Task to carry out: Return nothing but the lines from the line with "This is a printed" through the last line of the entries that follow, copied exactly and free of pictures.

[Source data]
'''
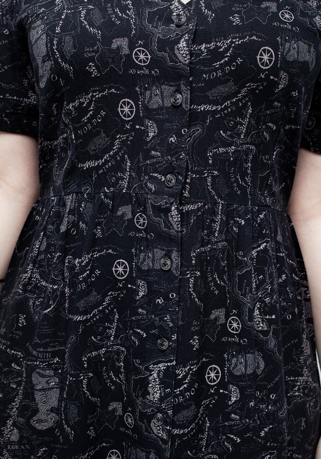 - Multi-directional fantastical map print on a rich midnight black base
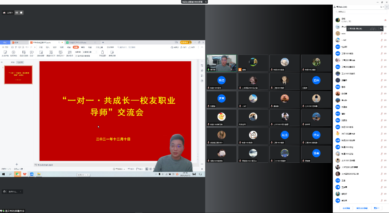 12月10日晚9点,由公司团委副书记潘文彬老师主持开展线上会议,为员工介绍了此次员工职业导师计划的工作安排及相关事项。本次活动从多家优质单位中择优选择了16位员工职业导师,通过bevictor伟德研究生会发放报名通知,并为报名的46名同学按照志愿匹配了合适的导师。
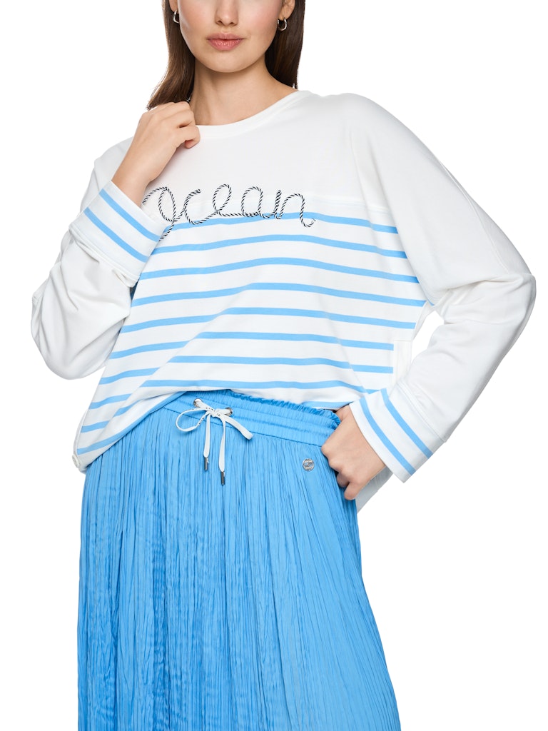 Gestreiftes Sweatshirt|Lässiges Sweatshirt in weiter Form mit überschnittenen Schultern und Rundhals Ausschnitt. Highlight des Shirts ist das Streifenmuster und die "Ocean" Stickerei auf der Vorderseite. Das verleiht dem Shirt einen maritimen Touch. Der weiche Materialmix liegt angenehm auf der Haut. Weiteres Detail: Seitlich befinden sich kleine Schlitze, die mit Knöpfen versehen sind.|Weite Form|Streifenmuster|Mit Stickerei|Seitliche Schlitze|Das Model ist 179 cm groß und trägt N3/38.
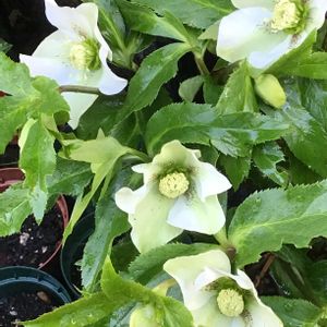 クリスマスローズ シングル ホワイト やっと真っ白ちゃん見つけました 元々は白だったのに 実生は色んな子が出ます😊🍀
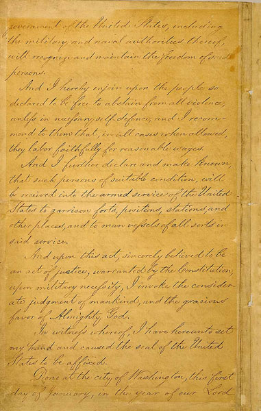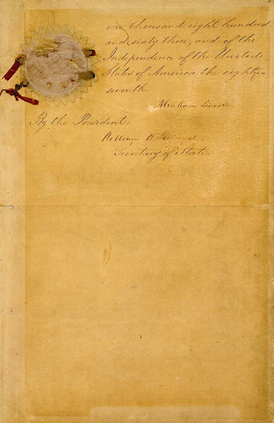 The original of the Emancipation Proclamation of January 1, 1863, is in the National Archives in Washington, DC. With the text covering five pages the document was originally tied with narrow red and blue ribbons, which were attached to the signature page by a wafered impression of the seal of the United States. Most of the ribbon remains; parts of the seal are still decipherable, but other parts have worn off.
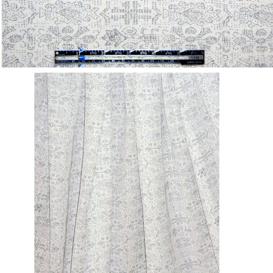 This is a printed rayon from a well-known NY designer--I love it! The base fabric is a drapey soft white rayon woven, lightweight and a bit transluscent, soft and flowing. Make a blouse, top, tunic, or line for dress or skirt. The print is fascinating---it has the look of hand-stitchery and forms a wonderfully delicate yet intricate design in soft black on the soft white ground. If you wish to wash at home, please test first. LAST PIECE, 2 yds.
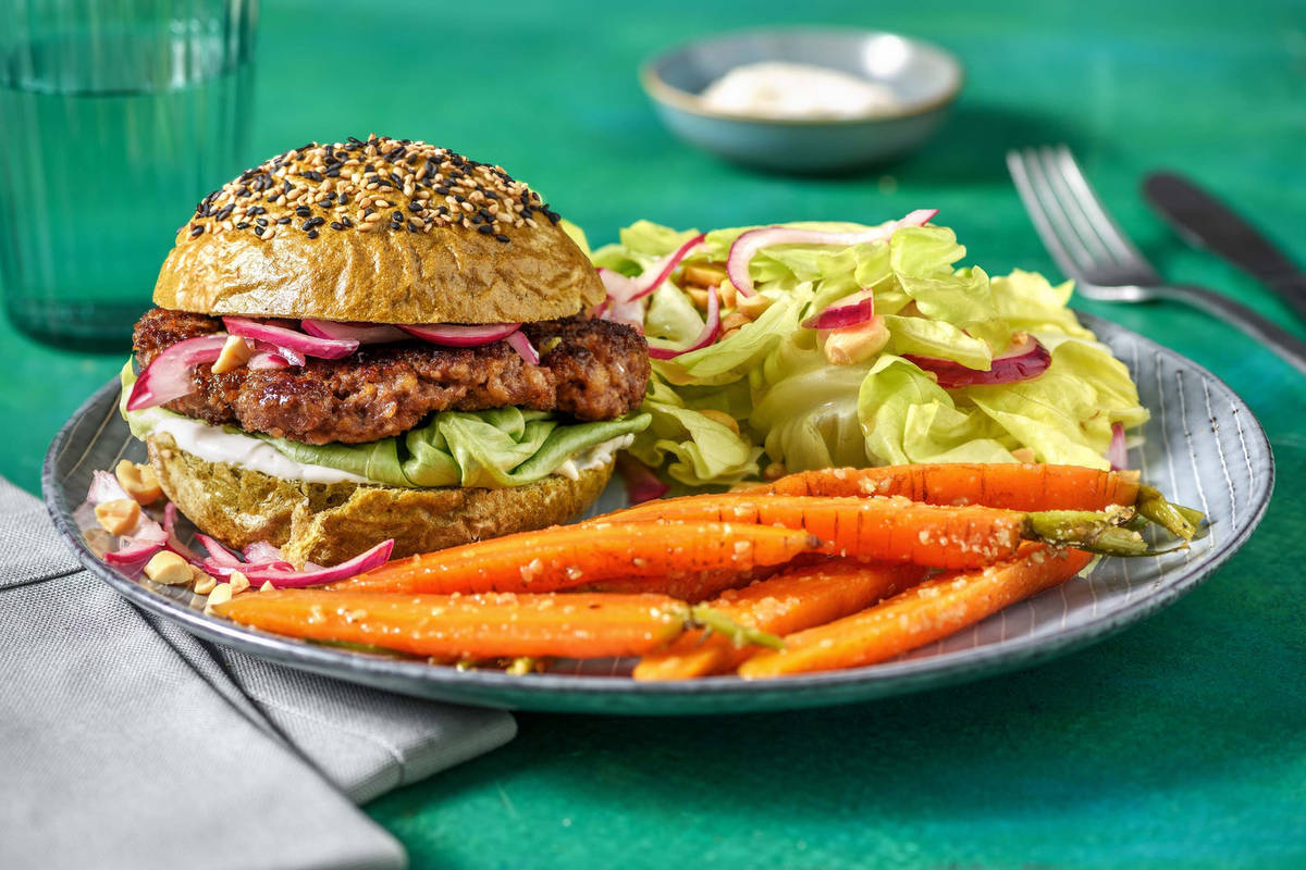 Coupez le pain aux épinards en deux et tartinez les 2 moitiés de mayonnaise au gingembre. Commencez par la laitue réservée, ajoutez le burger par-dessus et terminez par une cuillerée d’oignons rouges marinés. Saupoudrez le tout avec une partie des cacahuètes. Mélangez le reste des oignons et des cacahuètes à la salade et présentez-la en accompagnement, de même que les carottes.
'''
Task result:
 This is a printed rayon from a well-known NY designer--I love it! The base fabric is a drapey soft white rayon woven, lightweight and a bit transluscent, soft and flowing. Make a blouse, top, tunic, or line for dress or skirt. The print is fascinating---it has the look of hand-stitchery and forms a wonderfully delicate yet intricate design in soft black on the soft white ground. If you wish to wash at home, please test first. LAST PIECE, 2 yds.
 Coupez le pain aux épinards en deux et tartinez les 2 moitiés de mayonnaise au gingembre. Commencez par la laitue réservée, ajoutez le burger par-dessus et terminez par une cuillerée d’oignons rouges marinés. Saupoudrez le tout avec une partie des cacahuètes. Mélangez le reste des oignons et des cacahuètes à la salade et présentez-la en accompagnement, de même que les carottes.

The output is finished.